The Department of Homeland Security (DHS) announced on February 20 that Secretary Noem decided to partially vacate former Secretary Mayorkas’s Temporary Protected Status (TPS) designation and extension for Haiti by reducing the duration of the country’s designation (and corresponding registration period) by six months. Secretary’s Noem’s reasoning relied heavily on Mayorkas’s failure to consider or analyze whether Haiti’s extended designation was consistent with the “national interest”, as is required by statute.
Specifically, the secretary has determined that the extension and designation period for Haiti should be reduced from the statutory maximum of 18 months to 12 months. Accordingly, the Haiti TPS extension and new designation will expire on August 3, 2025, instead of February 3, 2026. Haitian TPS beneficiaries will be able to maintain their protection from removal and work authorization documents in the interim.
Federal law only allows the secretary of Homeland Security to issue or extend a TPS designation if they determine that a country is experiencing (1) an ongoing armed conflict within the country such that requiring the return of nationals to that country would pose a serious threat to their personal safety; (2) a natural or environmental disaster resulting in a substantial, but temporary, disruption of living conditions such that the foreign state is temporarily unable to adequately handle the return of their nationals; or (3) “extraordinary and temporary” conditions in the foreign state that prevent nationals of the state from returning safely “unless” the secretary “finds that permitting such aliens to remain temporarily in the United States is contrary to the national interest of the United States”. (Emphasis added.)
Haiti has been designated for TPS since 2010, after the country suffered a devastating earthquake.
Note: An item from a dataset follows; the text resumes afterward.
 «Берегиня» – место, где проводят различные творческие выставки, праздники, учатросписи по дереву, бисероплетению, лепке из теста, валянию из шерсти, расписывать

The first Trump administration attempted to terminate the country’s designation in 2018, but that termination was effectively halted by litigation, and the country’s designation was continued during the Biden administration. The most recent designation and extension, in July 2024, was set to expire on February 3, 2026.
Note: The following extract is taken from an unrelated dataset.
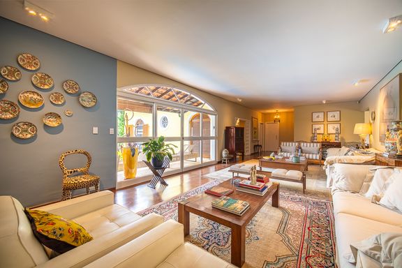Casa Térrea de Alto Padrão em Amplo Terreno na Granja Viana Implantada em um terreno excepcional de 1.848 m², com 653 m² de área construída, esta casa térrea impressiona pelo espaço, pela integração com a natureza e pelo projeto que privilegia conforto, privacidade e lazer. Logo na entrada, um hall amplo com espaço para escritório dá as boas-vindas e conduz aos ambientes sociais. O living para dois ambientes oferece aconchego e versatilidade, enquanto a sala de jantar integrada à cozinha cria um espaço funcional e convidativo para o dia a dia e para receber. A residência conta ainda com uma sala de TV reservada, ideal para momentos de descanso e entretenimento. Um dos grandes destaques do imóvel é a área gourmet envidraçada, distribuída em quatro ambientes, perfeita para confraternizações em qualquer época do ano, com total integração ao lazer externo. Na área externa, a casa oferece uma piscina com varanda e pergolado, cercada por um jardim exuberante, cuidadosamente paisagístico, que inclui um lago com carpas e um encantador orquidário, proporcionando uma atmosfera de tranquilidade e contato direto com a natureza. O imóvel dispõe ainda de uma casa de hóspedes independente, com 3 dormitórios, cozinha integrada a dois ambientes de sala e banheiro, garantindo conforto e privacidade para visitantes ou familiares. A área de serviço é ampla, com acesso a um quintal generoso, oferecendo praticidade e excelente espaço de apoio. O proprietário estuda permuta como parte de pagamento, por casa de menor valor na Granja Viana. Uma propriedade única para quem busca espaço, lazer completo e natureza em perfeita harmonia. Agende sua visita e venha conhecer este verdadeiro refúgio.

This designation was based on the “extraordinary and temporary conditions” standard, after Secretary Mayorkas determined that Haiti met this threshold because of “grave insecurity and gang crime, as well as socio-economic and humanitarian conditions, including those resulting from environmental disasters aggravating food insecurity”. In Noem’s rescission notice, however, DHS explained that Mayorkas’ extension was granted without including “any support in the record” whether the extension was “consistent with the national interest”, as the TPS statute requires.
DHS added that each extension or redesignation of Haiti’s TPS designation has allowed more inadmissible arrivals, even those who arrived illegally, to obtain TPS. “In May 2011, DHS estimated that 57,000 Haitians were eligible to register for TPS. In August 2021, DHS estimated that 155,000 Haitians were eligible under that new designation. And by July 2024, the estimate had ballooned to 520,694 (199,445 under the extension, and 321,249 additional aliens under the new designation).” (Citations omitted.)
Secretary Noem also recently rescinded a TPS extension for one of two Venezuela designations, also approved by former Secretary Mayorkas. The country’s second designation is active through September 2025.
Noem’s reasoning for Venezuela also relied on her “national interest” analysis. I predict all forthcoming TPS decisions based on the “extraordinary and temporary” threshold will include an analysis of this previously neglected statutory element.
Moreover, while this action marks the first time a TPS designation has been retroactively shortened, it is not the first time an administration revisited and rescinded a prior administration’s TPS determination. In 2023, Secretary Mayorkas rescinded the Trump administration’s TPS revocations for El Salvador, Honduras, Nicaragua, and Nepal. As I discussed earlier, these TPS terminations were tied up by legal challenges. The Biden administration moved to end the lawsuits after taking office by agreeing to rescind the terminations. Here, Mayorkas also claimed that the Trump administration “insufficiently considered” conditions relevant to the designations.